06 Jun 2022
Beyond bubbles and groupthink
Seeing your company as others see it is the hardest thing, says Mike Rigby, CEO of MRA Research, part of MRA Group, but it contributes the most valuable insights.
Sergei Naryshkin, chief of Russia’s foreign intelligence service; Nikolai Patrushev, national security adviser; Sergei Shoigu, defence minister; and Aleksandr Bortnikov, domestic spy chief are President Putin’s dark lords of the siloviki. They’re the advisor buddies in Putin’s bubble, the ‘yes men’ he listens to.
These are the guys, according to The New York Times, who say outlandish things and believe them. They say Ukraine’s leaders are as bad as Hitler, and its nationalists are ‘nonhumans’.
Someone else’s bubbles, or groupthink, feel strange at first. Some bubbles seem extreme. But to insiders, who build their everyday consensus inside the echo chamber, it’s reality, what everyone thinks. And the longer they’re in the bubble the harder it is to maintain their original perspective. Within a short time most become part of the consensus and see through the eyes of the group.
Strong companies work hard at fostering a winning culture for the cohesion that accompanies it, because cohesion helps them succeed. The signalling can be less than subtle.
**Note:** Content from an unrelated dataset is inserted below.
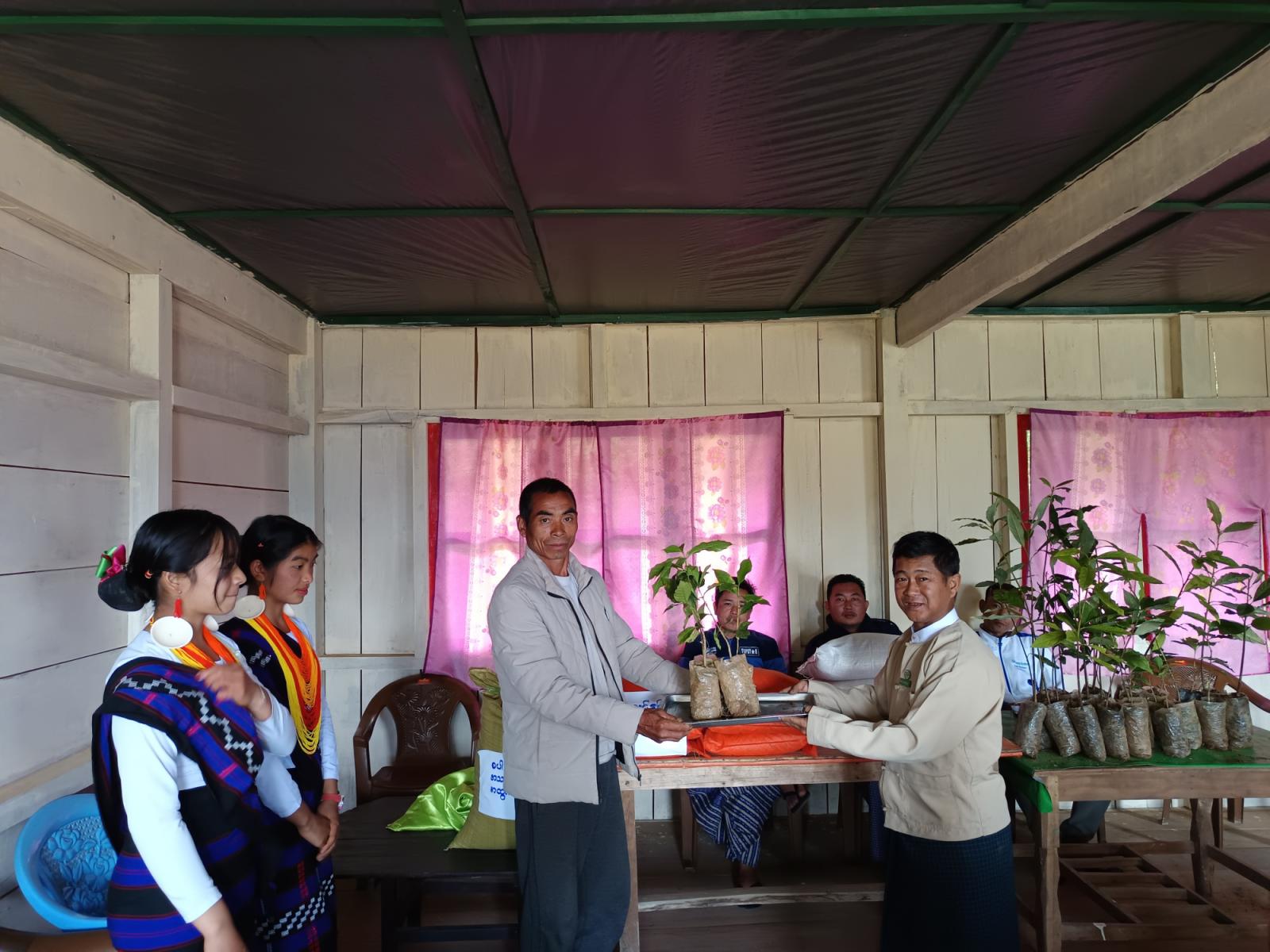 ရှေးဦးစွာ ထန်ပါခွေမြို့စိုက်ပျိုးရေးဦးစီးဌာန မြို့ဦးစီးမှူး ဉီးအောင်မင်းသူက စိုက်ပျိုးရေးနှင့်ပတ်သက်သည့် နည်းလမ်းကောင်းများအား ဒေသခံတောင်သူများကိုရှင်းလင်းပြောကြားပြီးနောက် မြို့အုပ်ချုပ်ရေးမှူး ဦးဖြိုးဇော်ဦးနှင့် ဌာနဆိုင်ရာတာဝန်ရှိသူများက အစေ့ထုပ်ပြောင်း (၅)ကီလို၊ စပါး (၈) တင်း၊ နေကြာ (၃) ကီလို၊ ထောပတ် (၂၅)ပင်၊ ကော်ဖီ (၁၅၀၀)ပင်နှင့် လက်ဖက် (၂၅)ပင်တို့အား ဒေသခံတောင်သူများအား အသီးသီးပေးအပ်ခဲ့ကြောင်း သိရသည်။

In its prime, new arrivals at IBM who didn’t pick up the dress code would come into the office to find six new white shirts – in their size, with no additional message – sitting on their desk!
If markets change slowly and the company is doing well, there’s no incentive to change a winning formula. But if the company is not doing well, or its markets are changing quickly, or significantly, as most markets have been doing in the last two years and are expected to do in the near future, the company can lose its competitive advantage, its customers and market share. By the time they start asking why, it can be too late. In any case, going against the grain of groupthink can be ‘challenging’ at any time.
Part of the problem is bubbles often includes close customers, so the team gets constant reassurance and feedback. How can they be out of step with their needs when they’re getting a thumbs up? But the close customers they listen to inhabit the same bubble as they do, and share many of the same values and views as the company. Many are pals and have been loyal customers for years. So how representative are they of customers as a whole?
Markets are changing and customers’ needs are changing massively as they adapt. Many companies do their own research and ask their customers’ views by email or online surveys, but without setting quotas to control the numbers, which are often way below the necessary threshold, and the structure, they’re likely to be unrepresentative of the customer base. Disproportionately, it tends to be your pals who support your invitation to contribute their views. If you’re not careful it becomes a closed circle and a missed opportunity to learn.
The risks of ignoring changing markets and either guessing or relying on feedback from friends, or compounding the risks by believing the results of flawed research can be painful. Anyone can use Mailchimp or SurveyMonkey and fire off a survey. But if it’s not done right, a simple questionnaire and a proprietary delivery and analysis tool can do more harm than good. You’ve ticked all the boxes you know about, but if you think you know what you’re doing and you don’t, it could be a costly own goal.
How could Putin have got so much so wrong, people wonder? Bubbles, that’s how.